The two emerged as vassals of the Hungarian Crown (in the case of Wallachia, Hungarian suzerainty had been present for the polities which preceded the unifying rule of Basarab I), and remained so until their independence (1330 for Wallachia and 1359 for Moldavia). In 1476 Wallachia and in 1538 Moldavia came under formal Ottoman suzerainty, preserving their self-rule in all aspects, except for the period of the so-called Phanariote Rule (1711 - 1821), when foreign affairs were dictated by the Sublime Porte.

After a marked decline in independence and prosperity over the 17th and 18th centuries, further independent and insurgent rules, which connected the two countries with Habsburg and Russian Empire offensives during the Great Turkish War, were blocked by the Ottomans by the introduction of Phanariote rules over the two countries (1711 in Moldavia and 1714 in Wallachia).

These, while connected with the first administrative reforms, generally had to rely on spoliation, and coincided with a disastrous stage in the countries' history, given that the two became a major theatre of war in a series of confrontations between Russian, Habsburg, and Ottoman forces (until the mid-19th century, they frequently came under temporary Russian or Habsburg occupation, and sometimes administration — as happened to the regions of Oltenia, Bukovina, and Bessarabia).

Early 19th century
Main articles: History of the Russo-Turkish Wars, National awakening of Romania

In the nineteenth century, Moldavia and Wallachia became involved in the cause of Greek independence. Backed by Phanariotes, the Filiki Eteria maneuvered in Moldavia during the anti-Phanariote and pro-Eterian 1821 Wallachian uprising. Wallachian initiative was toppled by an Eterian administration which itself retreated in the face of Ottoman invasion.

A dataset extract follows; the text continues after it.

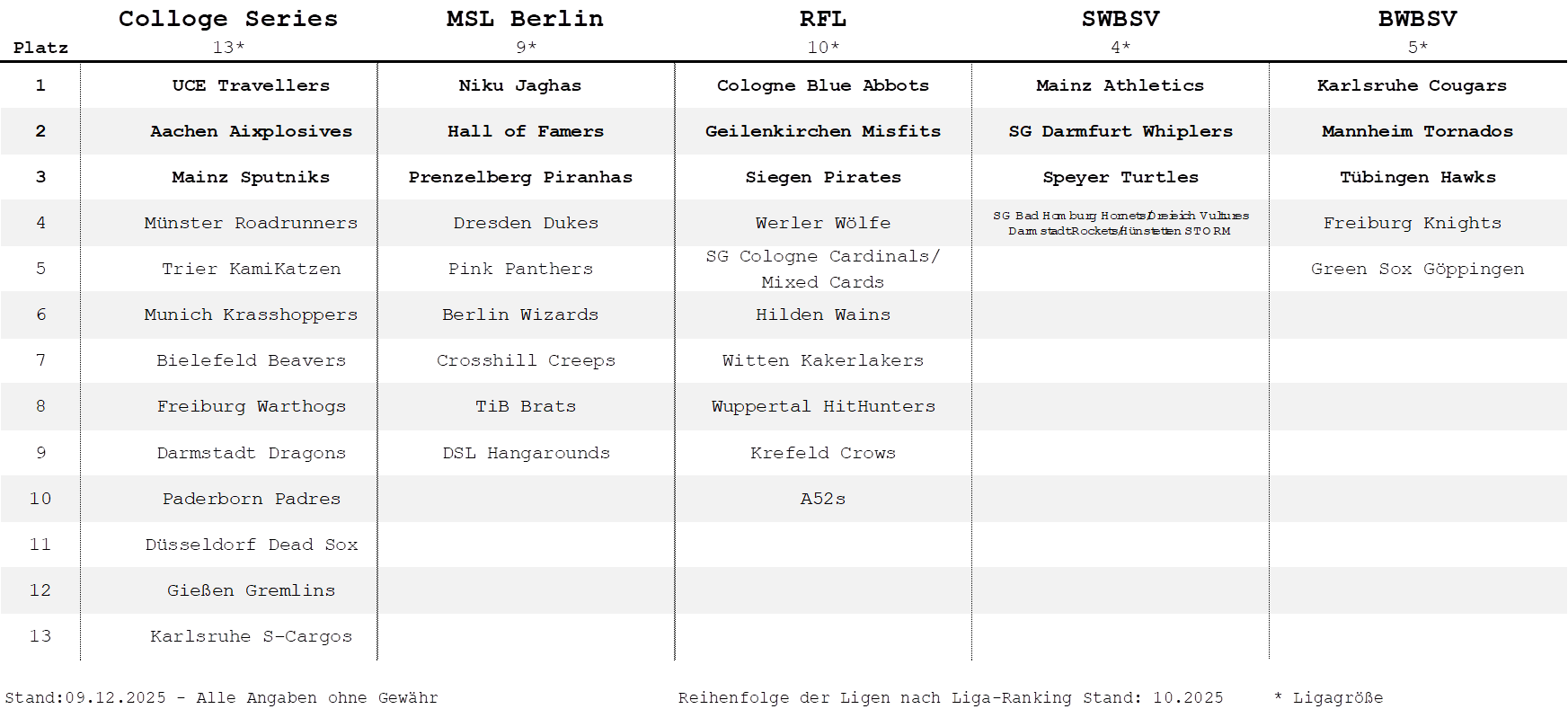 in diesem Jahr die College Series, die Mixed Softball League Berlin, die Ruhr Fun Liga, der Südwestdeutsche Baseball- und Softball Verband sowie der Baden-Württembergische Baseball- und Softballverband. Die Bayrische Softball Liga hat seit Jahren nicht mehr gemeldet und neue Meldungen liegen uns zur Zeit noch nicht vor.

Although these events brought about the disestablishment of Phanariote rules by the Porte itself, this was of little consequence in itself, as a new Russo-Turkish War brought a period of Russian occupation under formal Ottoman supervision, extended between 1829 and the Crimean War. A parallel Russian military administration was put in place, while the two principalities were given the first common governing document (the Organic Statute): although never fully implemented, it confirmed a modernizing government, created a new legal framework that reformed public administration, and deeply influenced political life in the following decades. The Russian pressures for changes in the text were perceived by Wallachians and Moldavians as a drive to remove the territories from Ottoman rule and annex them to a much more centralised and absolutist empire. This coincided with the period of national awakening and the Revolutions of 1848 - the rejection of Russian tutelage during the Moldavian attempt and the Wallachian revolutionary period were viewed with a degree of sympathy by the Porte, but calls by Russia ultimately led to a common occupation in the years following the rebellion's crushing.

United Principalities

The aftermath of Russian defeat in 1856 (the Treaty of Paris) brought forth a period of common tutelage of the Ottomans and a Congress of Great Powers (the United Kingdom of Great Britain and Ireland, the French Empire, the Austrian Empire, the Kingdom of Prussia, the Kingdom of Piedmont-Sardinia, and, albeit never again fully, the Russian Empire). While the Moldavia-Wallachia unionist cause, which had come to dominate political demands, was viewed with sympathy by the French, Russians, Prussians, and Sardinians, it was rejected by the Austrian Empire, and viewed with suspicion by Great Britain and the Ottomans. Negotiations amounted to an agreement over a minimal and formal union - however, elections for the ad hoc divans of 1859 profited from an ambiguity in the text of the final agreement (specifying two thrones, but not preventing the same person from occupying both) and made possible the rule of Alexander Ioan Cuza as Domnitor of the United Principalities of Moldavia and Wallachia (the Romanian United Principalities from 1862). This is known as the unification of Moldavia and Wallachia.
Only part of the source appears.